Research output: Contribution to journalArticlepeer-review

16 Scopus citations


Objective.-To calculate the incidence and prevalence of altitude illness (acute mountain sickness [AMS], high altitude pulmonary edema, and high altitude cerebral edema) during an expedition length adventure race and to determine factors contributing to its development as well as identify cases requiring medical treatment, withdrawal from the event, or both. Methods.-The Primal Quest Expedition Length Adventure Race was held in Colorado in July 2002. Sixty-two coed teams of four participated in the event. It began at an altitude of over 9500 feet, ascended to an altitude over 13 500 feet with a cumulative elevation gain of 69 400 feet, of which 40 000 feet occurred in the first 12 hours of the event. There was 138 800 total feet of altitude change during the event. All racers underwent a prerace medical assessment 24 hours before the start of the race and completed an Environmental Systems Questionnaire version 3-R (ESQ 3-R). Onsite medical staff provided treatment during the event. A standard medical encounter form was used to record all patient encounters including a presumed diagnosis and disposition.

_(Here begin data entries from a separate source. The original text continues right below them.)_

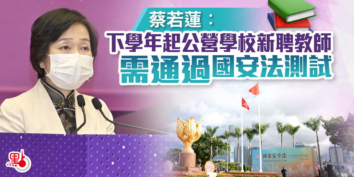 公務員事務局要求新入職公務員通過《基本法及香港國安法》測試。教育局局長蔡若蓮今日(28日)在電視節目中表示,本學年起,新聘的編制職位教師已經要通過基本法測試;而下個學年起,教育局的要求將與公務員事務局看齊,在測試中加入國安法元素,往後再按需要,考慮擴展至其他學校。
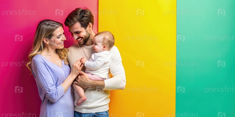 Счастливый семейный портрет на красочной стене
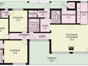 В същото време стандартното оформление предполага, че на приземния етаж, освен гаража, ще има кухня с хол, складово помещение и баня за гости. Често се създават допълнителни помещения в мазето и на тавана. Най -често се използват за сауна, игра или фитнес зала..
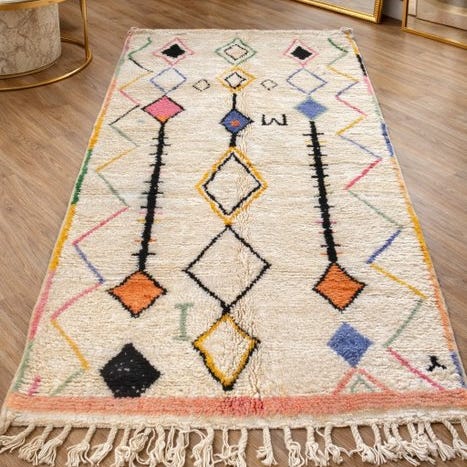 Bring varme, stil og autenticitet ind i dit interiør med dette smukke håndlavede Berber-tæppe. Dette unikke stykke er fremstillet af håndværksmæssige vævere fra Atlasbjergene, kendt for deres århundredgamle traditioner og raffinerede håndværk.
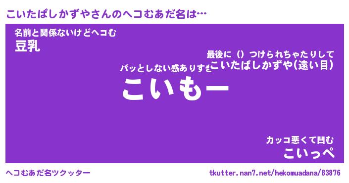 | 男性向けラノベタイトル風あだ名 | 『こいたばしかずやの憂鬱』 |
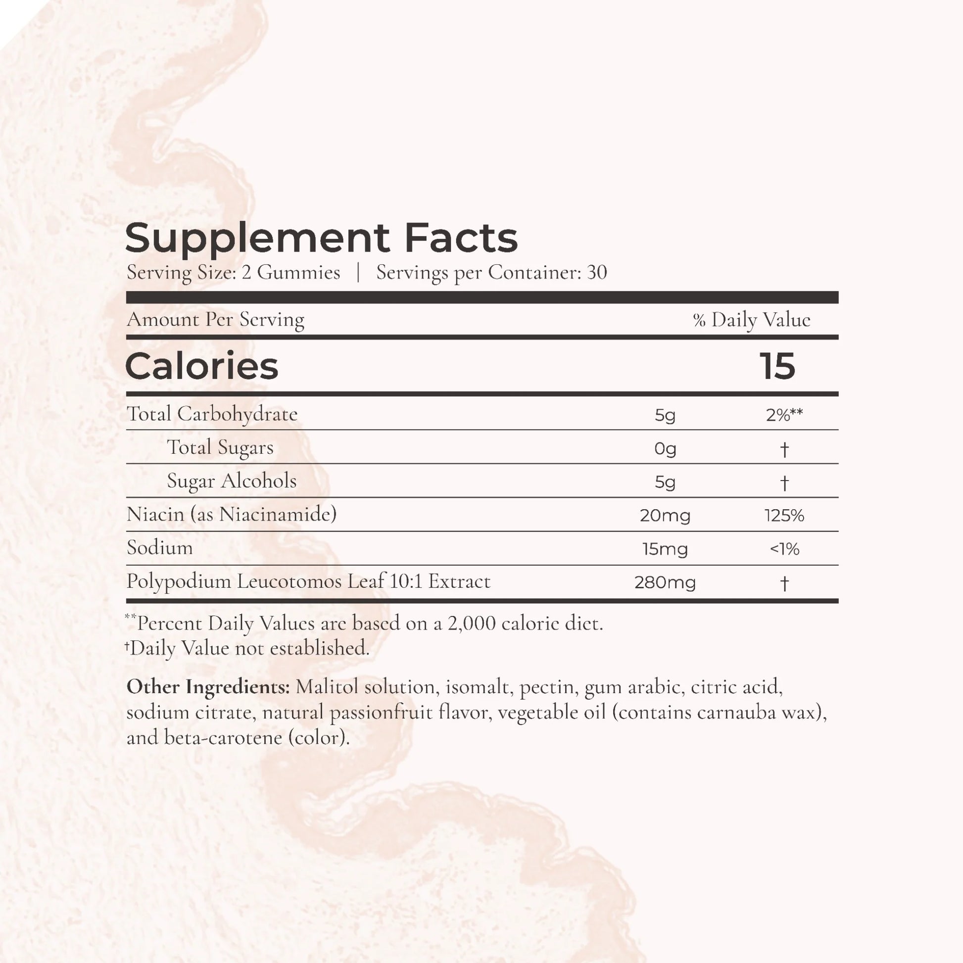 Our Sol Defense Vitamin supports your skin’s natural ability to protect against sun damage and oxidative stress. Powered by clinically studied ingredients like Polypodium Leucotomos, Niacinamide, and other potent antioxidants, these gummies is a perfect compliment to any SPF sunscreen and helps reduce the appearance of acute and chronic photoaging, redness and sun damage from the inside out.

Results.-At the start of the race, the prevalence of altitude illness was 4.5%. The incidence of altitude illness requiring medical treatment during the race was 14.1% (AMS, 33 [13.3%]; high altitude pulmonary edema, 2 [.81%]) resulting in 4 (14.3%) of the 28 medical withdrawals from the race. There was no correlation between home altitude, prerace ESQ scores, and successful completion of the race. Conclusions.-Altitude illness occurs among participants in expedition length adventure races and contributes significantly to withdrawal from the event.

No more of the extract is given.